Let me preface this by saying: no code that does any of the calculations has been touched.

This is a long PR text, I'll try to split it.

Context

Currently, when performing harmonic analysis for the bunches in a file, harpy runs the analysis serially, bunch after bunch. We have a wall time of ~25-30s for analysing a bunch so this scales roughly as n_bunches * 30 seconds.

The operations within harpy (SVD, some big dot products, FFTs) dispatch hungrily across all available threads via BLAS.

As it turns out for our operations this is not a great idea, and benchmarks show that limiting BLAS to a single thread gives similar results (slightly faster for SVD, slightly slower for dot product, all within 5-10% in any case). This is an opportunity.

What is changed

The parallelisation strategy is changed. Instead of running bunch after bunch and letting BLAS eat up all threads unproductively, the following is done:

  • The harpy workload of single bunches sets a hard cap for BLAS to one (1) thread,
  • The bunches are now parallelised across workers.

Implementation

  1. Most of the new code is in a new omc3.harpy._parallel module, with heuristics to determine the number of workers to dispatch to. This is done based on estimated peak RSS for a given bunch (from the TbT data and from the harpy options), the detected number of available logical cores and RAM, and user input (more on that later).

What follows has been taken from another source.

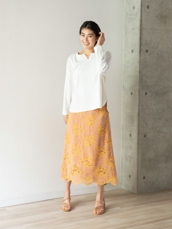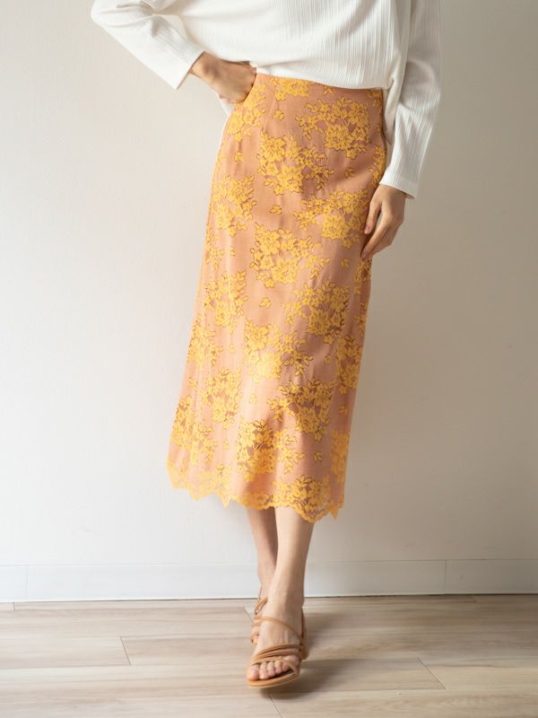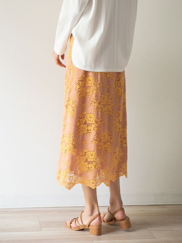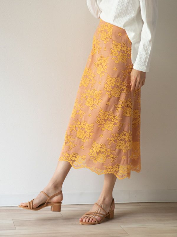 商品コメント:女性らしい繊細な配色レースがオシャレなスカート。

  2. The main function in harpy now calls this heuristic first then dispatches work. It performs the same thing as the current behaviour if n_jobs=1, and starts a ProcessPoolExecutor to parallelise across bunches if n_jobs>1.

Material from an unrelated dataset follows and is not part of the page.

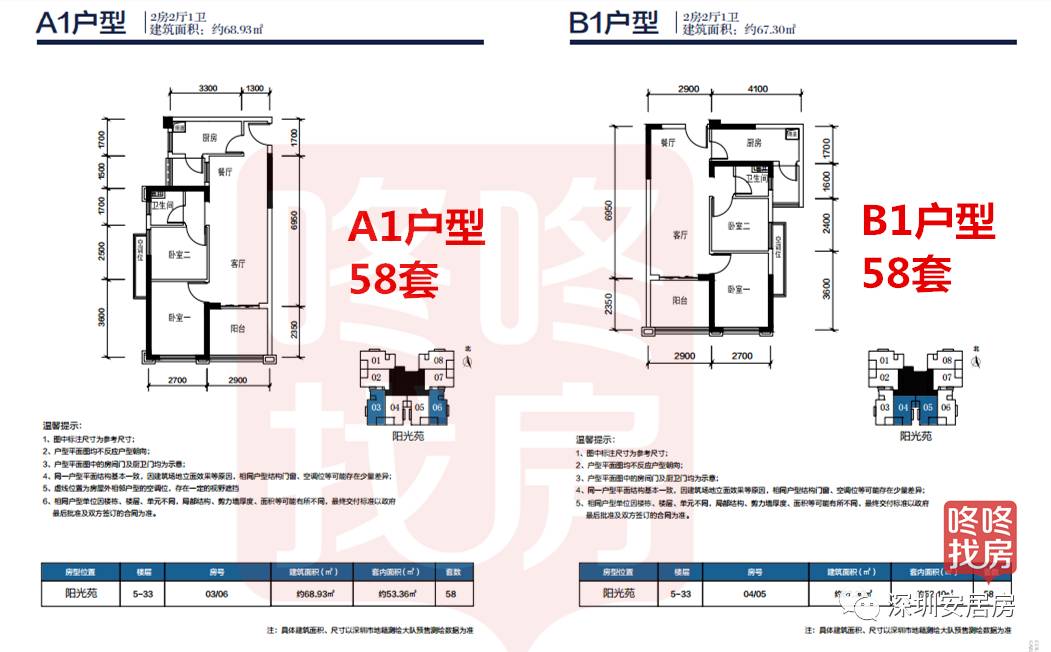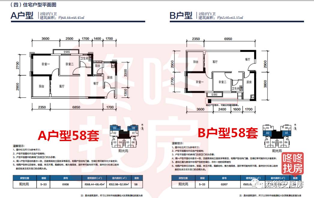 A户型为68平米,B户型为65平米,A1户型为68平米,B1户型为67平米,均为两房两厅一卫,每种户型各60套。

  3. A CLI flag --n_jobs is provided to give the user (and GUI) control over this strategy. Providing 0 leads to automatic determination as described above. Giving 1 leads to serial processing, which is the current behaviour. Providing N>0 uses uses up to N workers, still bounded by the automatic safety limits (available cores, number of bunches, and RAM budget): an explicit N can only throttle the pool below the automatic choice, but never oversubscribe it.

Some little things:

  • Version and CHANGELOG are bumped in preparation for a feature release. Would be nice to have Dispersion error propagation was using wrong values #579 in as well, and maybe some further improvements in the calculation parts of harpy I am reserving for another PR.
  • threadpoolctl is added to the dependencies (was already a transitive dependency),
  • psutil is added to the dependencies.

Performance Gains

The theoretical gains, assuming we are not limited by the resources of the machine, is a factor of n_bunches at most. In practice there is some overhead due to the dispatch of jobs but it is small.

Previously: a file with n_bunches would do one by one.
Now: a file with n_bunches will start all simultaneously and be done in ~ the same time it takes to complete a single bunch's analysis.

Tests

I have added unit tests for both the parallelisation heuristics, and for comparing serial results vs parallel workers results on the same inputs. The latter is done for lin files but also the .amps[xy] and .freqs[xy] files from the full_spectra output (as full_spectra is our default in the GUI).

Field Tests

I have tested this in the CCC starting workloads from the GUI. Reproducing previous analyses leads to the exact same results, down to the optics analysis downstream.

See below for GUI + harpy parallelisation considerations when we are dealing with multiple files.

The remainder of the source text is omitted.